◆ STUDY MATERIAL
*** Block opens ***

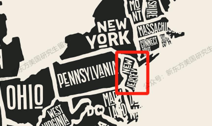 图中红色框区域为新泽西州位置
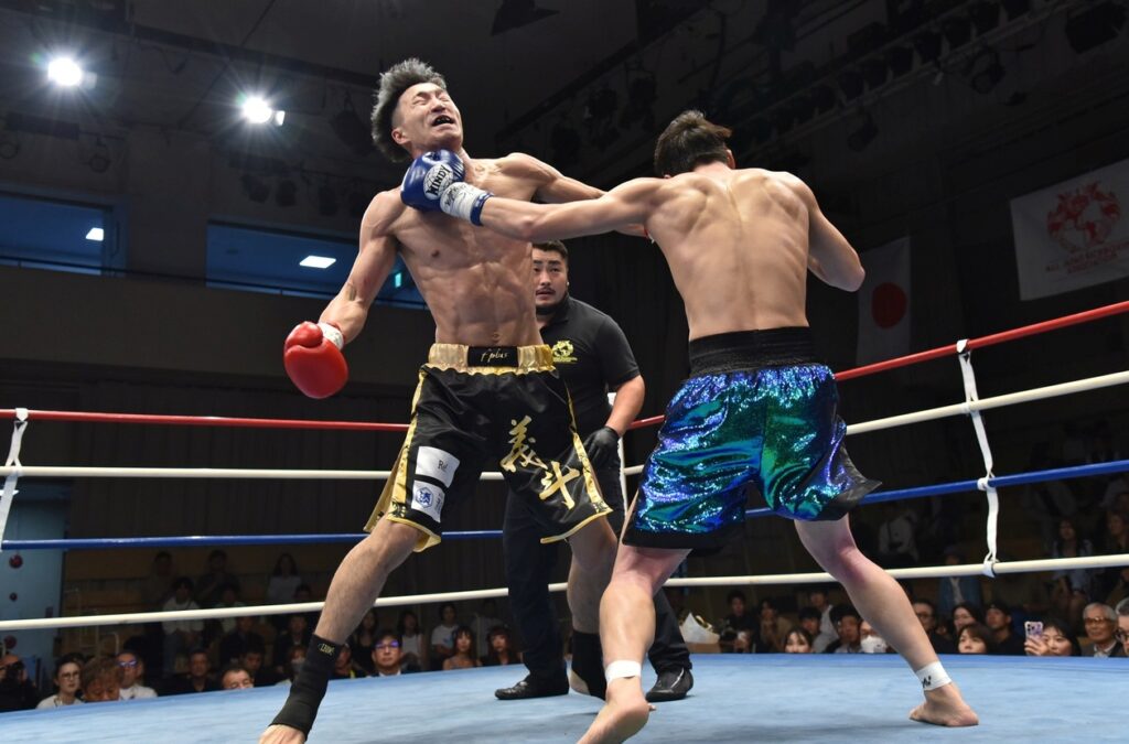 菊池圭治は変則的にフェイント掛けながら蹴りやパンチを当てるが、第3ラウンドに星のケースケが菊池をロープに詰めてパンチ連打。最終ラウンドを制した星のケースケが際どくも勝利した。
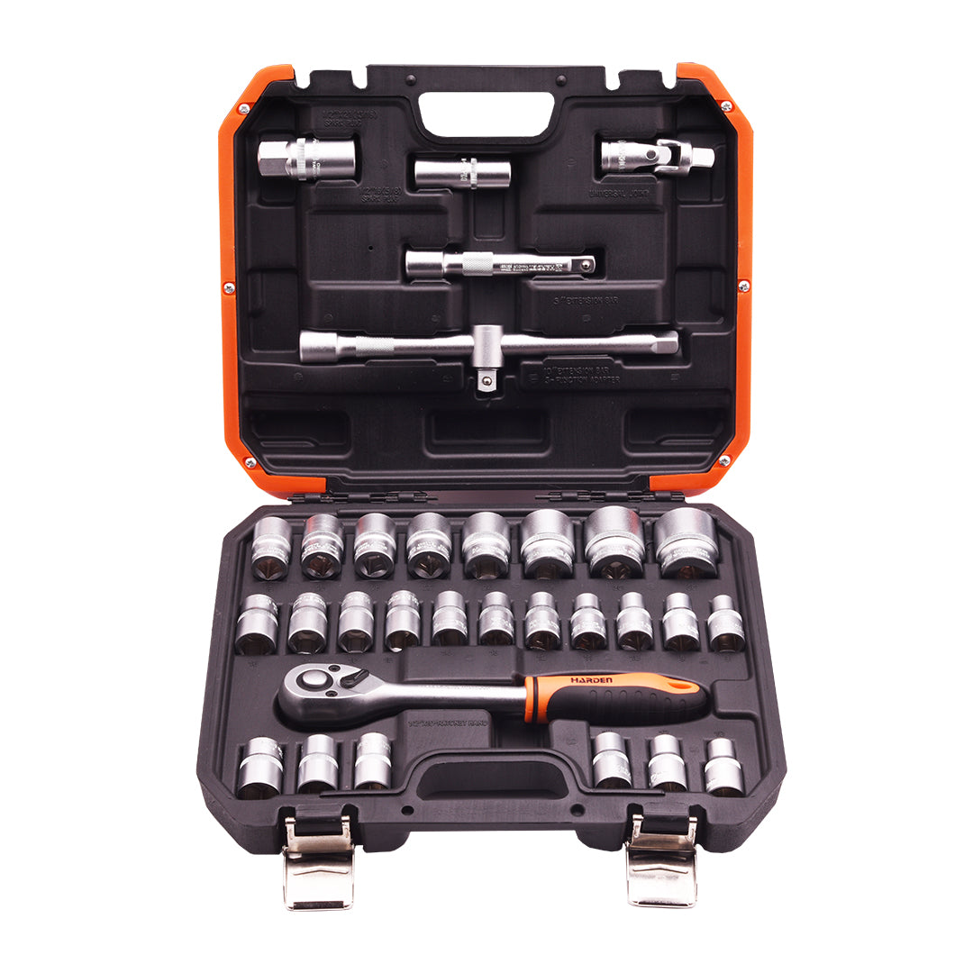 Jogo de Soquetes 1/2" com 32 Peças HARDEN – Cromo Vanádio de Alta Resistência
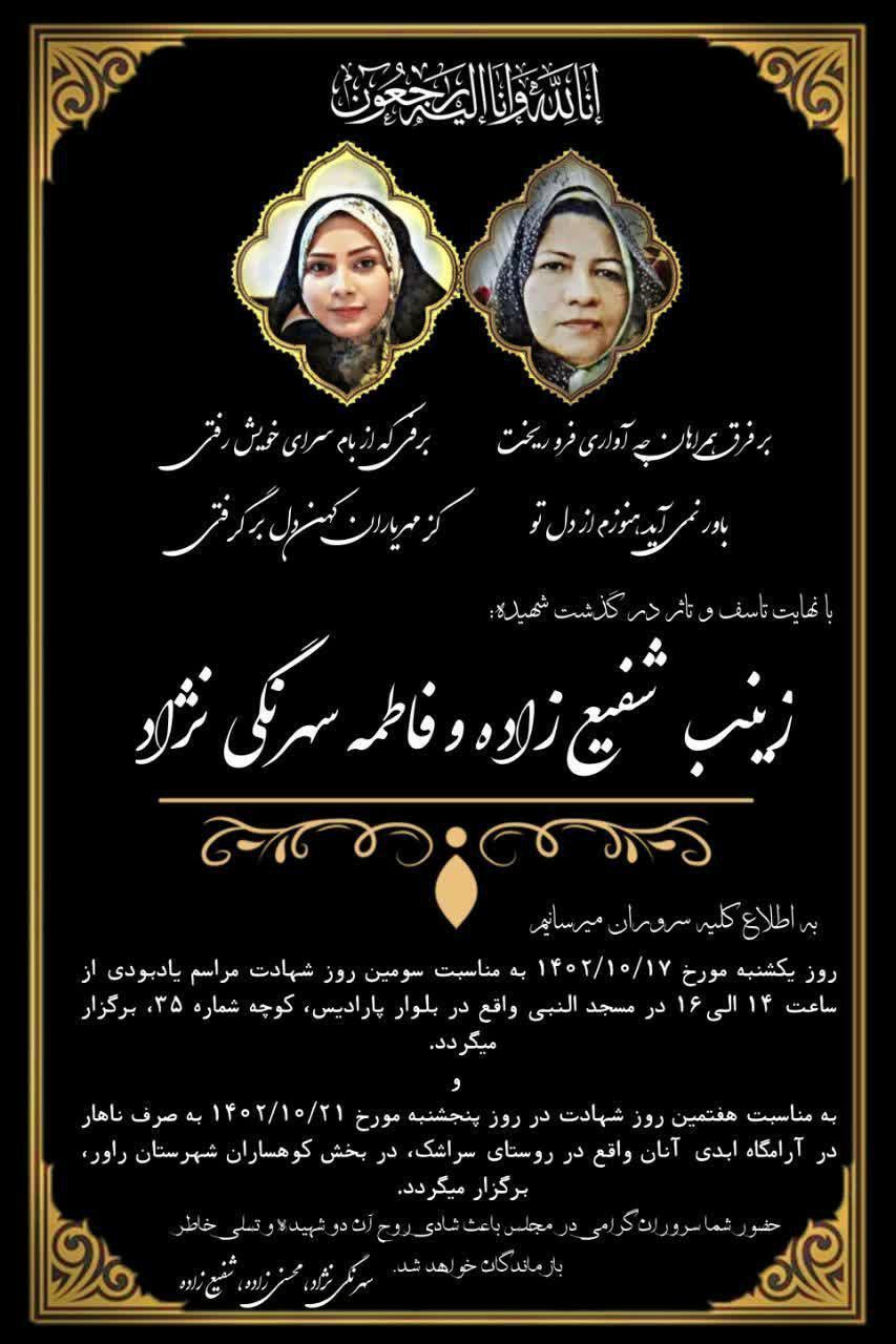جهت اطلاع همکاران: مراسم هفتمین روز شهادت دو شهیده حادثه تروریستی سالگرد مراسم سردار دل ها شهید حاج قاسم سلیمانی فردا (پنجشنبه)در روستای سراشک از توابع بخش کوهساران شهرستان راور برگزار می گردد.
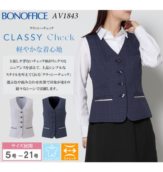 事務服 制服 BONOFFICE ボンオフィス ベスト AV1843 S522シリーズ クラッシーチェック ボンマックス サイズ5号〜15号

*** Block closes ***
*** Block opens ***

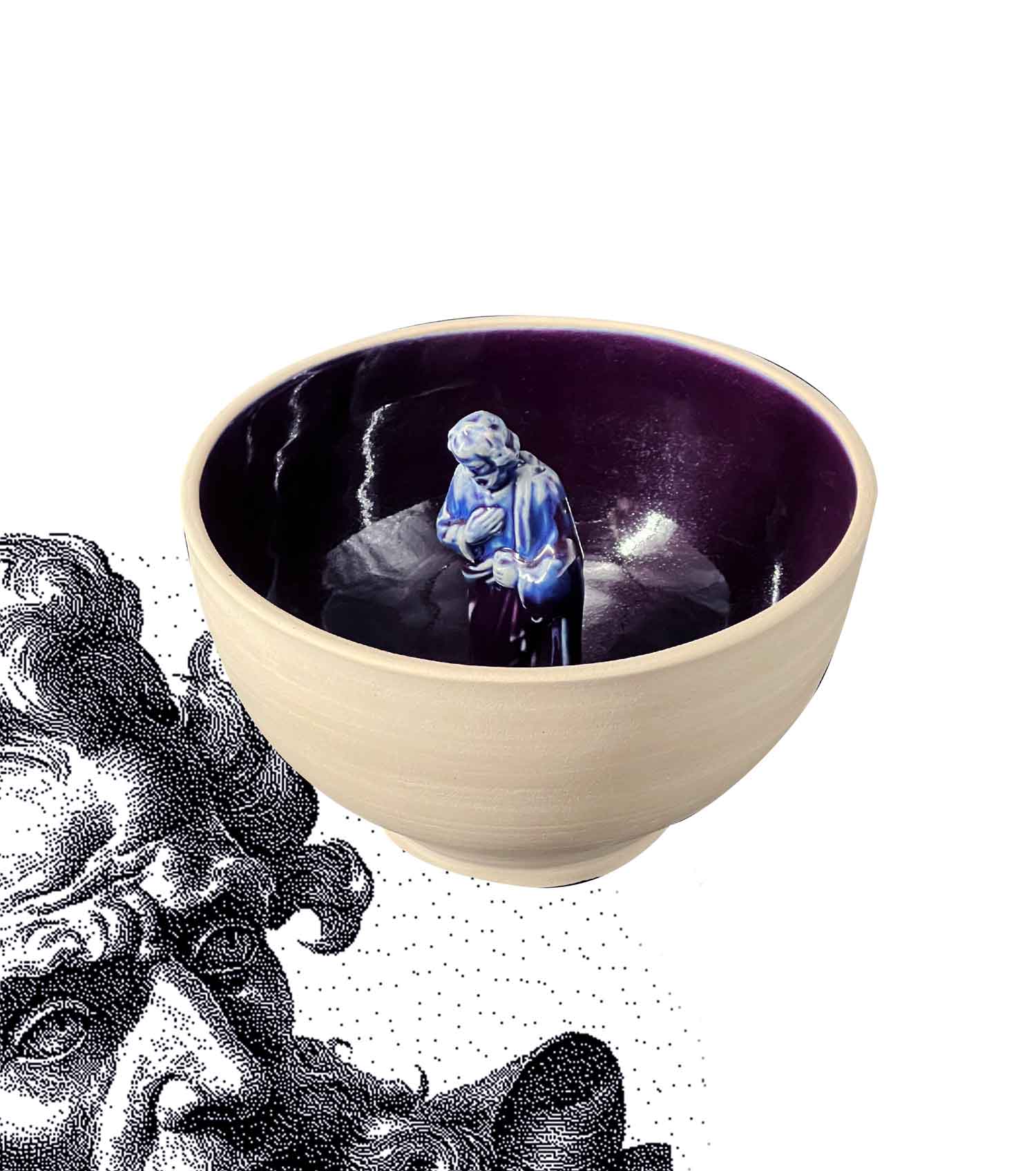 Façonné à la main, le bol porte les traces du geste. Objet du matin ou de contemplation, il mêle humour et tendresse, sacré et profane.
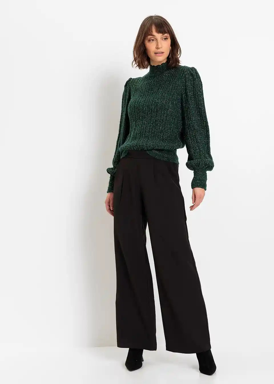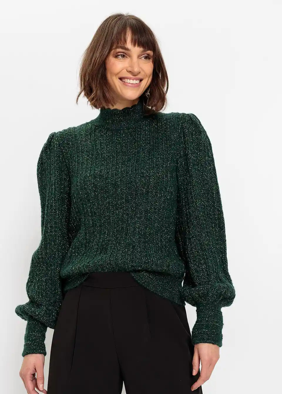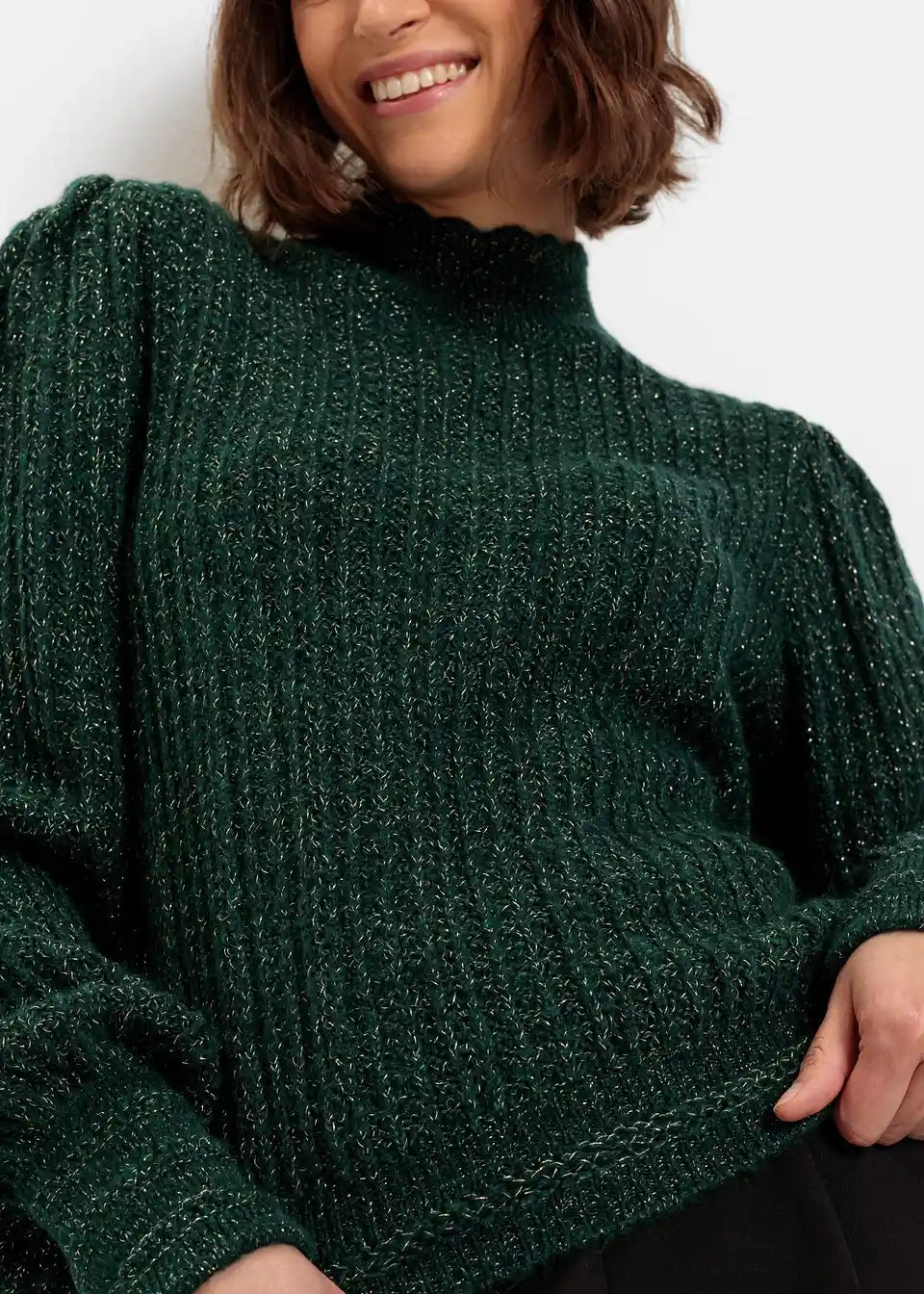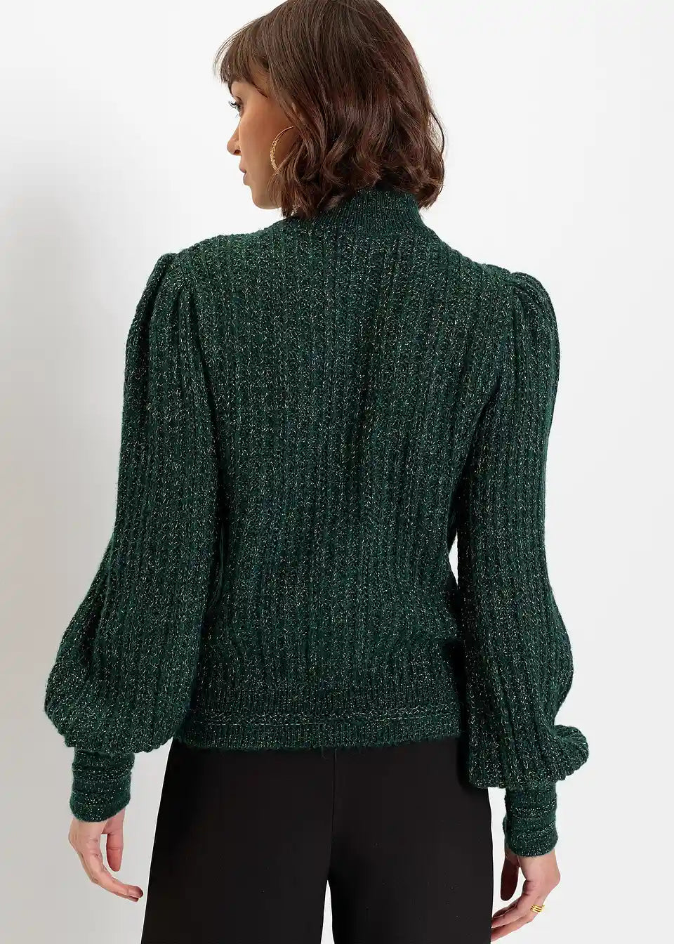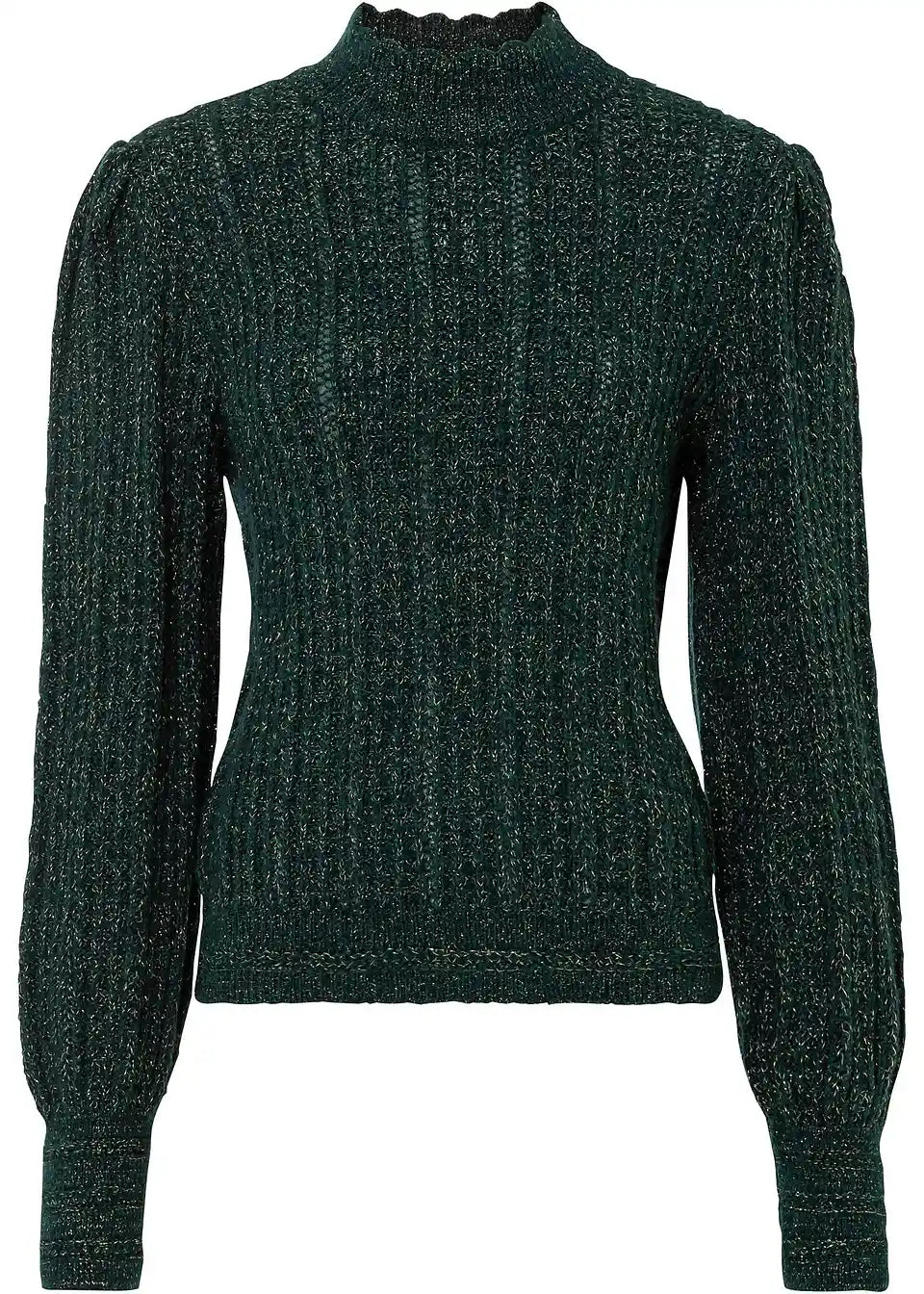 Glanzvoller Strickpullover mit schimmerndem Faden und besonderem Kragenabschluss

*** Block closes ***

Take the material above from the line bearing "图中红色框区域为新泽西州位置" through the line bearing "جهت اطلاع همکاران: مراسم" and write it out exactly, both end lines included. Pictures stay out.

◆ ANSWER TO THIS PROBLEM
 图中红色框区域为新泽西州位置
 菊池圭治は変則的にフェイント掛けながら蹴りやパンチを当てるが、第3ラウンドに星のケースケが菊池をロープに詰めてパンチ連打。最終ラウンドを制した星のケースケが際どくも勝利した。
 Jogo de Soquetes 1/2" com 32 Peças HARDEN – Cromo Vanádio de Alta Resistência
جهت اطلاع همکاران: مراسم هفتمین روز شهادت دو شهیده حادثه تروریستی سالگرد مراسم سردار دل ها شهید حاج قاسم سلیمانی فردا (پنجشنبه)در روستای سراشک از توابع بخش کوهساران شهرستان راور برگزار می گردد.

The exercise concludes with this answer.